One of the most interesting things I noticed while poking around is the inconsistency of the mmap and munmap calls as mentioned above. The baseline version didn't generate any of those; the profile and release builds (basically, -march=native and -O3) of the new version DID issue those syscalls but the debug build of the new version DID NOT make calls to mmap and munmap (over tens of seconds of stracing). Note that the application is basically mallocing an array, doing compute, and then freeing that array -- all in an outer loop that runs many times.

It might seem that the allocator is able to easily reuse the allocated buffer from the previous outer loop iteration in some cases but not others -- although I don't understand how these things work nor how to influence them. I believe allocators have a notion of a time window after which application memory is returned to the OS. One guess is that in the optimized code (release builds), vectorized instructions are used for the computation and it makes it much faster. That may change the timing of the program such that the memory is returned to the OS; although I don't see why this isn't happening in the baseline. Maybe the threading is influencing this?

(As a shot-in-the-dark comment, I'll also say that I tried the jemalloc allocator, both with default settings as well as changing them, and I got a 30% slowdown with the new version but no change on the baseline when using jemalloc. I was a bit surprised here as my previous experience with jemalloc was that it tends to produce some some speedup with multithreaded programs. I'm adding this comment in case it triggers some other thoughts.)

Solution

In general: GCC can optimize malloc+memset into calloc which leaves pages untouched. If you only actually touch a few pages of a large allocation, that not happening could account for a big diff in page faults.

Or does the change between versions maybe let the system use transparent hugepages differently, in a way that happens to not be good for your workload?

Or maybe just different allocation / free is making your allocator hand pages back to the OS instead of keeping them in a free list. Lazy allocation means you get a soft page fault on the first access to a page after getting it from the kernel. strace to look for mmap / munmap or brk system calls.

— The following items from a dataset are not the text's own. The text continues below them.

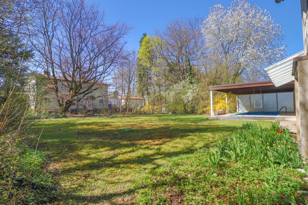 Das großzügige Haus beeindruckt bereits von außen durch seine elegante Architektur und den weitläufigen Garten, der viel Privatsphäre und Ruhe bietet. Gepflegte Grünflächen, alte Bäume und sonnige Terrassen schaffen eine einladende Atmosphäre – perfekt zum Entspannen oder für gesellige Stunden im Freien.
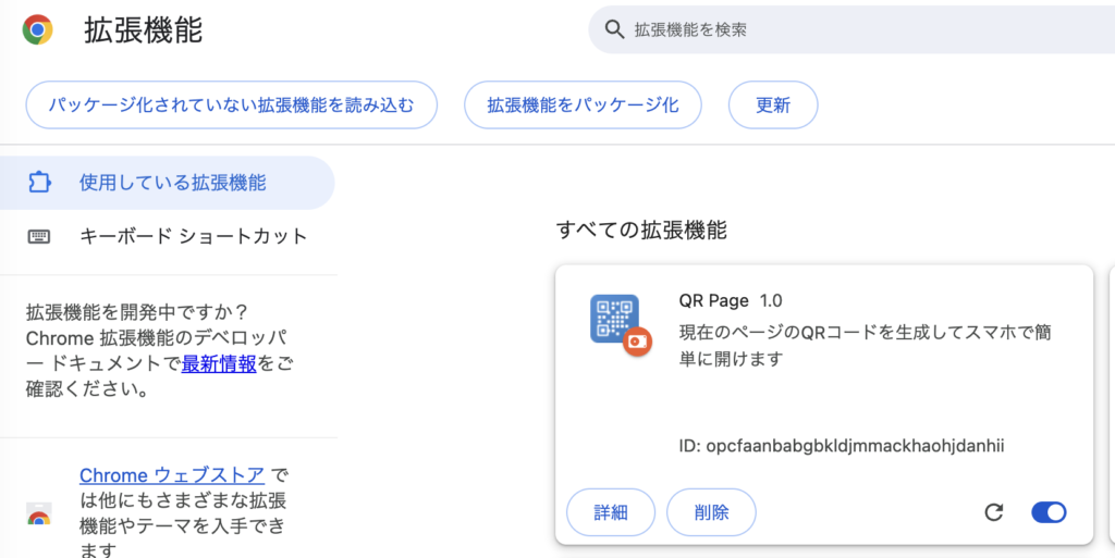chrome://extensions/を開く - 右上の「デベロッパーモード」をONにする
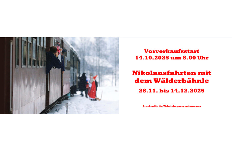 | Mo | 08.12.2025 | 13:00 Uhr | AUSVERKAUFT - Nikolausfahrt mit dem Wälderbähnle 2025 | |
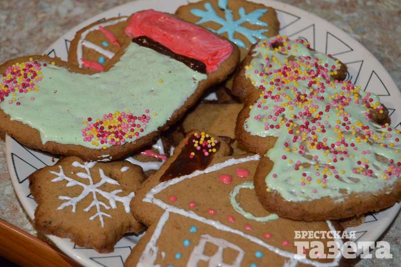 Надо: для теста: 1,5 ст. муки, 1 ч. л. соды, гашенной уксусом, 2 ч. л. тертого свежего имбиря, 1 ч. л. корицы, 1 ч. л. кардамона, 1 щепотка молотой гвоздики, 100 г сливочного масла, 150 г сахара, 1 яйцо; белая глазурь: 1 яичный белок, 1 ст. л. лимонного сока, 0,5 ст. сахарной пудры; шоколадная глазурь: шоколад, молоко; пищевые красители, украшения для выпечки.
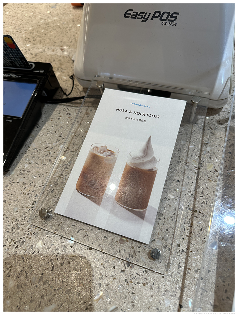 ▼ 놀라 플로토입니다. 놀라(NOLA, 콜드브루에 유기농 설탕과 유기농 우유를 넣은 메뉴)라는 메뉴에 유기농 아이스크림을 올린 메뉴입니다.
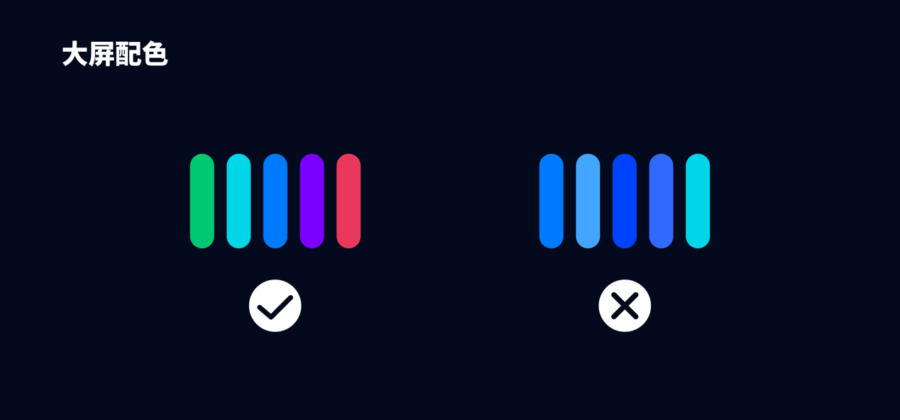渐变色慎重使用。大屏普遍色域有偏差,显示偏色,因而使用渐变色需要根据大屏反馈确定是否调整,纯色最佳。

In your specific case, your strace testing confirms that your change led to malloc / free handing pages back to the OS instead of keeping them on a free list.

This fully explains the extra page faults. A backtrace of munmap calls could identify the guilty free calls. To fix it, see https://www.gnu.org/software/libc/manual/html_node/Memory-Allocation-Tunables.html / http://man7.org/linux/man-pages/man3/mallopt.3.html, especially M_MMAP_THRESHOLD (perhaps raise it to get glibc malloc not to use mmap for your arrays?). I haven't played with the parameters before. The man page mentions something about a dynamic mmap threshold.

It doesn't explain the extra RSS; are you sure you aren't accidentally allocating 5x the space? If you aren't, perhaps better alignment of the allocation lets the kernel use transparent hugepages where it didn't before, maybe leading to wasting up to 1.99 MiB at the end of an array instead of just under 4k? Or maybe Linux wouldn't use a hugepage if you only allocated the first couple of 4k pages past a 2M boundary.

If you're getting the page faults in memset, I assume these arrays aren't sparse and that you are touching every element.

I believe allocators have a notion of a time window after which application memory is returned to the OS

It would be possible for an allocator to check the current time every time you call free, but that's expensive so it's unlikely. It's also very unlikely that they use a signal handler or separate thread to do a periodic check of free-list size.

I think glibc just uses a size-based heuristic that it evaluates on every free. As I said, the man page mentions something about heuristics.

IMO actually tuning malloc (or finding a different malloc implementation) that's better for your situation should probably be a different question.